Blessed to Be a Blessing (1 Peter 3:8-12)


Do you want to live a blessed life? Do you want to please God and enjoy His favor? Do you want to know and do the Lord’s will? Then be a blessing to those around you. Show love to your brothers and sisters in Christ. Have care and compassion for each other. Don’t take revenge when others do you wrong. Don’t even desire revenge. Instead, forgive those who have wronged you by remembering how much forgiveness God has given you. Don’t gossip or complain about others, but rather build others up with kind words of praise and respect.
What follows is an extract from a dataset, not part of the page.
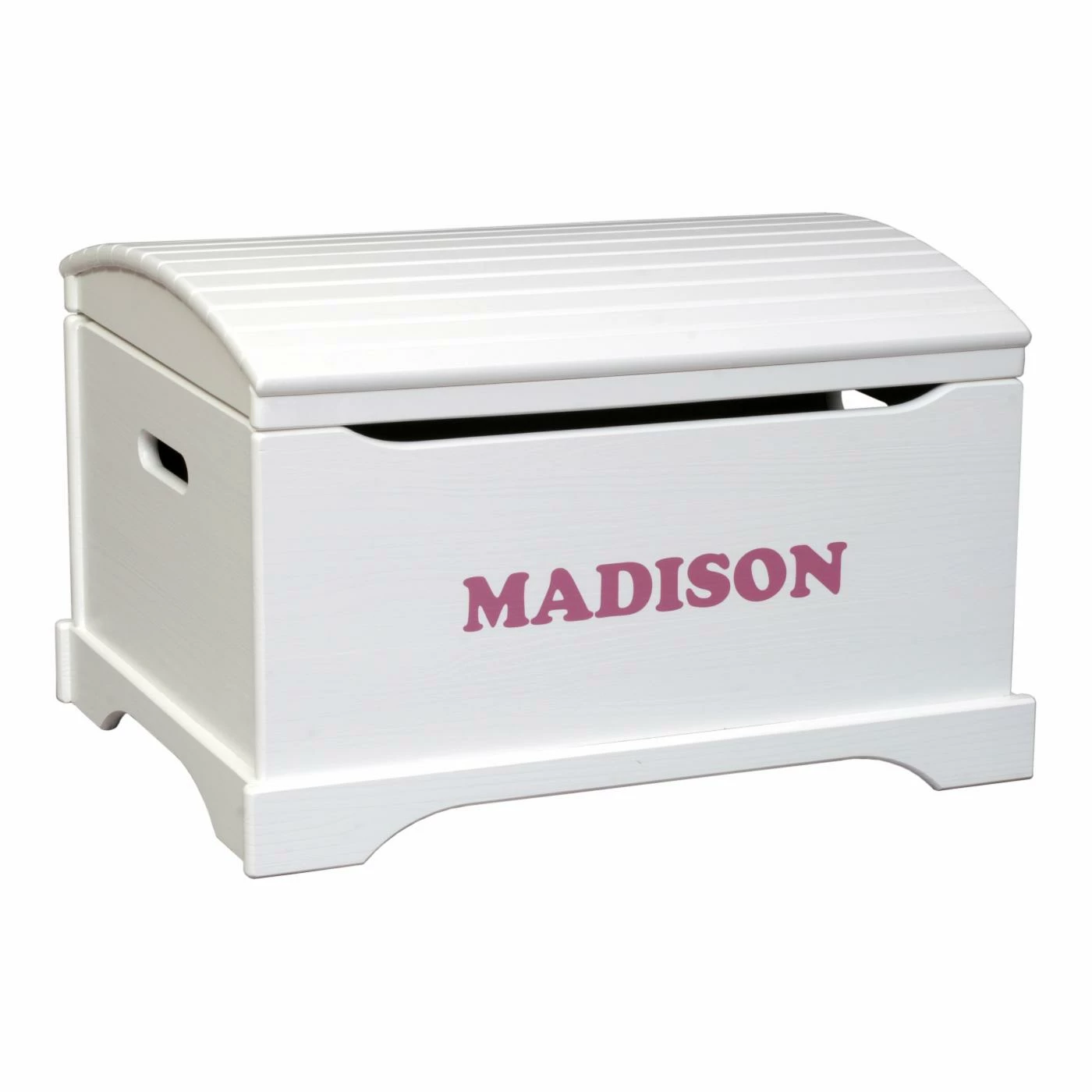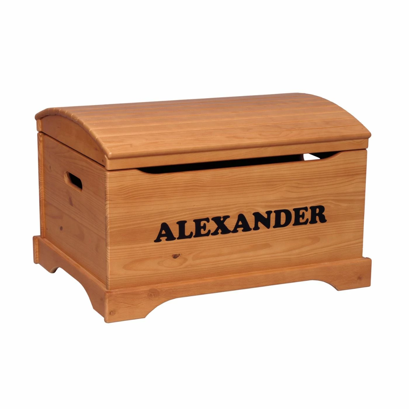Kids fight cleaning less when it becomes part of the game, as it can with the Personalized Handcrafted Captain’s Chest by Little Colorado. The slatted curved top gives this toy chest a distinctive look. Made in America by hand from solid knotty pine to last a lifetime and beyond, it comes assembled with an approved safety lid support that prevents it from falling and pinching fingers. Available either as unfinished wood or with your choice of beautiful finishes in neutral tones. Unfinished toy chest cannot be personalized because the lettering will not adhere for long-lasting personalization. Your personalization will be placed on the front panel (see alternate images), with a 1.5-inch Cooper font and an 11-character limit.

Peter wrote these truths to the suffering believers living in the first century Roman Empire but also to Christians today. We don’t suffer through the same persecution and hardships as those Christians. But like them, we are humans made in God’s image, corrupted by sin, and redeemed by the blood of Jesus. They apparently struggled with getting along with each other, and so do we. Sometimes they offended and hurt each other and needed to seek each other’s forgiveness, just like we do today. They needed to be challenged to walk in God’s love and live out their faith daily in their relationships with each other, and so do we.
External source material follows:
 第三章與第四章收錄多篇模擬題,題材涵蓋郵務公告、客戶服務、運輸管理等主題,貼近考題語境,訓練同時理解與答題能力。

Why should we want to bless each other in the ways that Peter describes in verses 8-11? Because we want God’s hand of blessing and mercy on us instead of His rod of discipline and correction. When we obey our Father, we stay under the protective umbrella of His grace. His eyes of favor and blessing are on us. His ears are open to hear our prayers. This does not mean that our life on earth will be easy or that we won’t face difficulties and pain. In fact, tomorrow’s passage will talk again about how we should understand and endure suffering as followers of Christ. But enjoying God’s blessing means that He is with us. We get His peace in the middle of trials. When we are striving to please God and turn away from sin, we get His smiling face of approval. And for the Christian, that is the greatest blessing of all.

The Text (1 Peter 3:8-12)

8 Finally, all of you be of one mind, having compassion for one another; love as brothers, be tenderhearted, be courteous; 9 not returning evil for evil or reviling for reviling, but on the contrary blessing, knowing that you were called to this, that you may inherit a blessing. 10 For

“He who would love life

And see good days,

Let him refrain his tongue from evil,

And his lips from speaking deceit.

11 Let him turn away from evil and do good;

Let him seek peace and pursue it.

12 For the eyes of the Lord are on the righteous,

And His ears are open to their prayers;

But the face of the Lord is against those who do evil.”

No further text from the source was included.